Elias Gutierrez, president and editor of Latino Press, a bilingual weekly, believes that while many residents already left Detroit, Latino immigrants continue to come, replenishing the lost population.

Gutierrez said that Latinos, many of whom work in surrounding plants and factories, are part of "the solution" to the future of Detroit. And, with the growing Latino population, he noted, his community has a significant voting bloc to potentially change Detroit's political landscape.

While Detroit's population has gone down by about 26 percent, the Latino population, particularly in the southeast side of the city, known as the "Mexicantown," continues to rise, along with Latino-owned businesses.

Over the last two decades, according to census data, Detroit's Latino population nearly doubled to 50,000 in 2010. Latinos in the city are also fairly young, with a median age of 24.

According to an Associated Press report, more than $200 million in the past 15 years has been invested in "Mexicantown," a few miles from downtown Detroit. This investment has attracted more restaurants, retail stores, and new residential buildings, including an $11 million condominium development.

Gutierrez regretted that Latinos, despite their growing population, still do not have a political voice in the city. "We don't even have a Hispanic representative in the council, and they [officials] don't even [see] that as an option."
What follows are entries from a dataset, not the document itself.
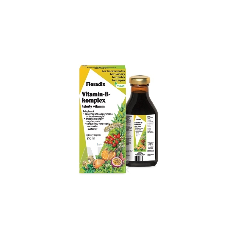 Tekutý prípravok obsahujúci B-komplex vitamínov.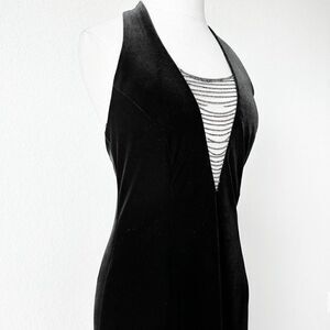 Y2K 2000s coquette fairy vintage velvet fishtail bodycon maxi dress featuring a plunging halter V-Neck and beaded details over a sheer mesh to cover the bust area. Zips up in the back. Unlined. Tagged as a Size 8. Pre-loved. Excellent. No visible stains or tears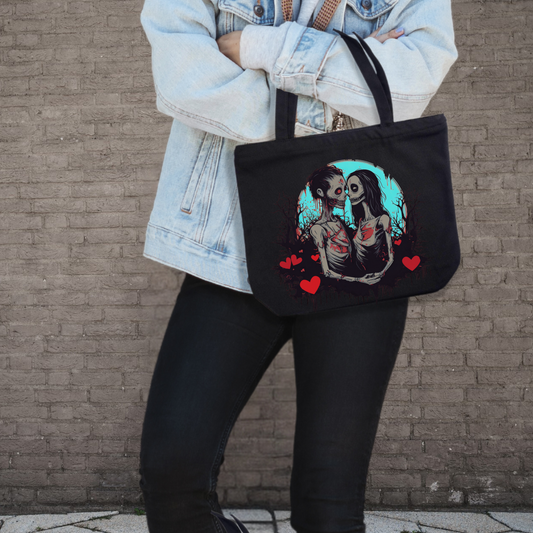 Zombie Love Zippered tote bag gift for horror fan reusable shopping tote punk Valentine zombie horror tote bag gift for her
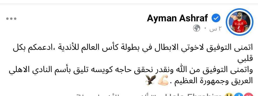ونشر بعد ذلك مدافع الأحمر أيمن أشرف عبر حسابه على مواقع التواصل الإجتماعي "فيس بوك" قائلاً : "اتمنى التوفيق لاخواتي الأبطال في بطولة كأس العالم للأندية، ادعمكم بكل قلبي".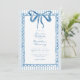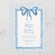 This whimsical invitation features a soft blue watercolor bow and a playful scalloped rectangle frame against a classic blue and white striped background. Perfect for a wedding with a preppy or coastal aesthetic, this charming design provides a sweet, hand-painted look for your special celebration. Created by Simply Farmhouse Press.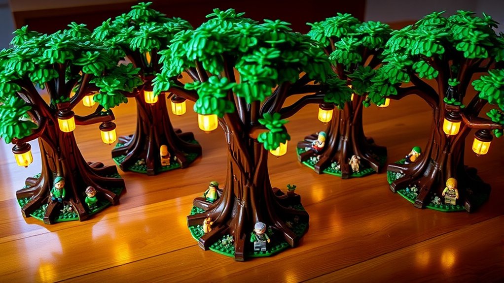 Based on fan rankings for 2025, the top five Lego Zelda Great Deku Tree sets include high-quality models like the 77092 Lego Great Deku Tree with compatible LED light kits, which really boost the display’s visual appeal. Other favorites are detailed sets like the Koroks and the Nifeliz Bonsai Tree for a more natural look. If you’re curious about the best features and accessories for these sets, keep exploring — there’s a lot more to discover.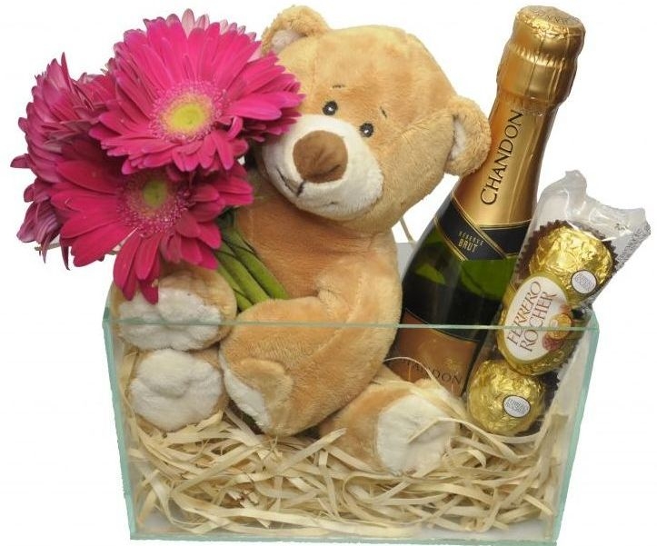 Arranjo elaborado com um lindo urso de pelúcia aproximadamente 20 cm, nele um delicado arranjo de gerberas em cores da época para ainda ficar mais elegante o arranjo acompanha uma garrafa de chandon baby e um chocolate ferrero rocher com 3 unidades.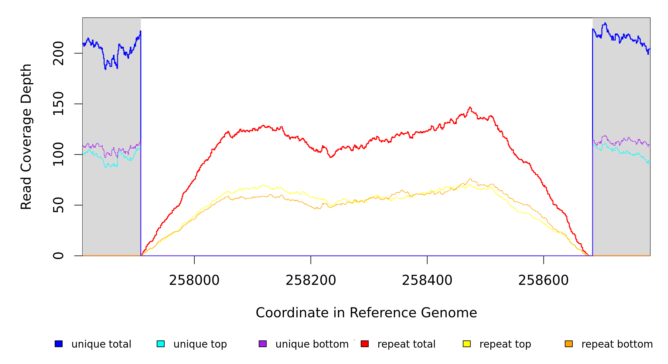 | seq id | start | end | size | ←reads | reads→ | gene | description | |||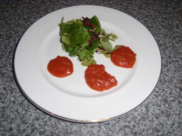 - Colocar 3-5 cucharadita corone de la salsa alrededor de las hojas de ensalada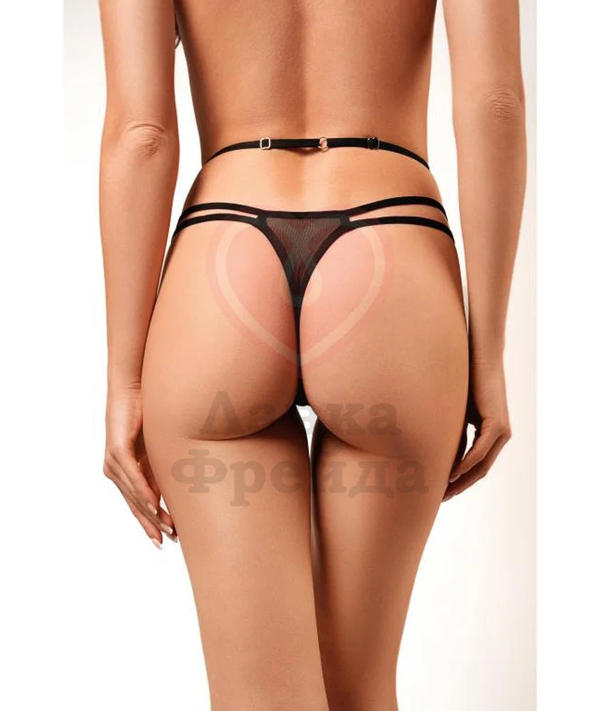 Трусики-стринги Amor El выполнены из ажурного кружева и дополнены эластичной лентой, которая, как тонкий пояс, подчеркивает талию. Трусики украшает дополнительная полоска из кристаллов — блестящая деталь для привлечения чужого взгляда.

He said Latinos in Detroit opposed the decision by Emergency Manager Kevyn Orr to file for bankruptcy. The decision to file for bankruptcy, Gutierrez said, may have been different if the city had a Latino representative.

A boon in a time of bankruptcy

In the Arab-American community, some view the city's bankruptcy filing as the right time to acquire properties, as real estate prices have plummeted in recent years.

"I have seen Arab immigrants buying houses," said Rasheed Alnozili, publisher of the monthly Yemeni American News. "You can get a house for $10,000. I have friends and relatives who even bought four houses and lots."

Arab Americans make up at least 200,000 of metro Detroit's population, and produces almost $8 billion in salaries and earnings, according to a 2007 Wayne State University study.

Over the last decade, an influx of Arab immigrants into Detroit has boosted businesses such as gas stations, liquor stores, apparel and convenience shops. A 2010 report of the American Arab Chamber of Commerce found that more than 15,000 businesses in metro Detroit are owned by Arab Americans.

"Those kind of investments that immigrants are doing here would help Detroit's fast recovery," Alnozili added. "The abandoned lots could be turned into a more decent housing or commercial space."

Gina Steward, publisher and editor of the Telegram, a weekly publication that serves the African American community, said that in the black community, many are coming back to Detroit.

"Although bankruptcy seems so final, there are training opportunities out there, and African Americans are taking advantage of them," said Steward. "They are now taking classes to improve their chance of getting a job."

The Telegram has been covering "the reactions and thoughts in the black community and what can be done" in the time of bankruptcy. Many African Americans, according to Steward, do not agree that the last resort for the city was to file for Chapter 9.

"A lot [of people] in the [African American] community are not working because they just don't have the skill set that is required. Now they are taking classes," Steward said. "I just hope that companies here would stop bringing their own workers with them when they set up their business and would start offering it to local residents."